Float Like a Butterflyfish
You look like a sirocco down there," I heard Bob chastise Rene as they slipped out of their gear. They'd just finished their first dive from the same Southern California charter boat as my PADI Master Scuba Diver students, Alph and Kendra.
"She looked like Volkswagen?" Alph queried.
"No, 'sirocco' the dust storm,'" Bob corrected irritatedly. "Kicks up a cloud wherever she goes."
"Well, you don't exactly help the viz dragging your fins on the bottom," Rene retorted.
"Sounds like you two could use the Peak Performance Buoyancy course," quipped Kendra.
Red alert! Red alert! I threw myself behind a bench for protection from impending combat. Nothing erupted though, and Kendra continued, "Alph and I just finished it."
"Nah, we know neutral buoyancy," Bob said a bit defensively, "We just need to stay higher off the bottom." Rene nodded.
"That's always a good idea," said Alph, "but a skilled diver can swim close to the bottom and not stir it up much. There's more to buoyancy control than getting neutral."
"Like what more?" demanded Rene in an agitated tone.
Uh-oh. I hunkered down, hoping the ricochets would bounce favorably.
"Proper weighting, for one," countered Alph. "If you're overweighted, you can get neutral with your BCD, but you swim with your feet too low and your torso too high. That stirs up the bottom and wastes energy."
"Or you can be properly weighted but have poor trim," added Kendra.

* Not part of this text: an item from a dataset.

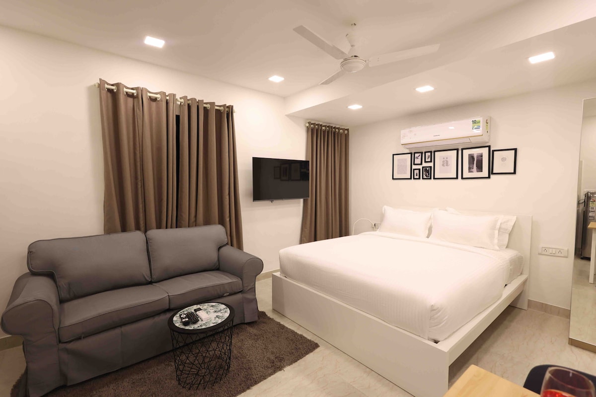 Odsjednite u luksuzu u našem potpuno namještenom stanu 1BHK, koji nudi udobnu spavaću sobu, dva kupatila (jedna povezana spavaća soba, jedno zajedničko ) i potpuno funkcionalnu kuhinju s kućanskim aparatima i osnovnim priborom za kuvanje. Opustite se u prostranom dnevnom boravku s velikim pametnim televizorom i elegantnim dizajnom enterijera. Uživajte u luksuznom namještaju koji stvara dom daleko od doma. Savršen i za kraće i za duže boravke, ovaj stan obećava udobnost i praktičnost na vrhunskoj gradskoj lokaciji. Rezervišite smještaj za izvanredan boravak!

"Trim?" queried Rene. A genuine question, not a challenge.
I downgraded the threat level to yellow and stuck my head out. "Trim is where your weight is relative to your center of gravity. It determines your orientation when you hover," Kendra explained.
"I get it," said Bob. "I naturally rotate into a feet-down position."
"Exactly; that's trim. You can adjust your gear and weight position so your trim holds you in a horizontal position," said Alph.
"Since you hover feet down, you could probably lose those ankle weights," noted Kendra. I returned to cover, but Bob didn't take offense. "But keep 'em in case you get lighter fins. When your gear changes, so do your buoyancy and trim."
"So what'd you do in this Peak Performance Buoyancy course?"
"Our instructor — he's around here somewhere," said Alph, "He started by showing us how to fine-tune our weights."
"Then he showed us how to streamline ourselves to save energy," said Kendra. "That included adjusting and distributing everything to get our trim right."
"After that, we made dives just to master buoyancy hovering, making minor depth changes using only breath control," continued Alph, "He had us pass through a hula-hoop midwater without moving a muscle just slowly drifting through breathing."
"Until you're trim, slim and neutral, you can't do it," said Kendra, "It's harder than it sounds until you get it right. Then it's easy."
"Is that it?" Bob asked.
"There's more — using your mind to improve performance, the role of fitness, how your buoyancy changes as you use up air — stuff like that," said Kendra. "Everything you learn is pretty simple and basic. The challenge lies in putting them all together at once and making them second nature when you dive."
"Let's sign up," suggested Rene. "Let's talk to your instructor. Where is he?"
"I think he's forward," said Kendra, "Stowing his flak jacket."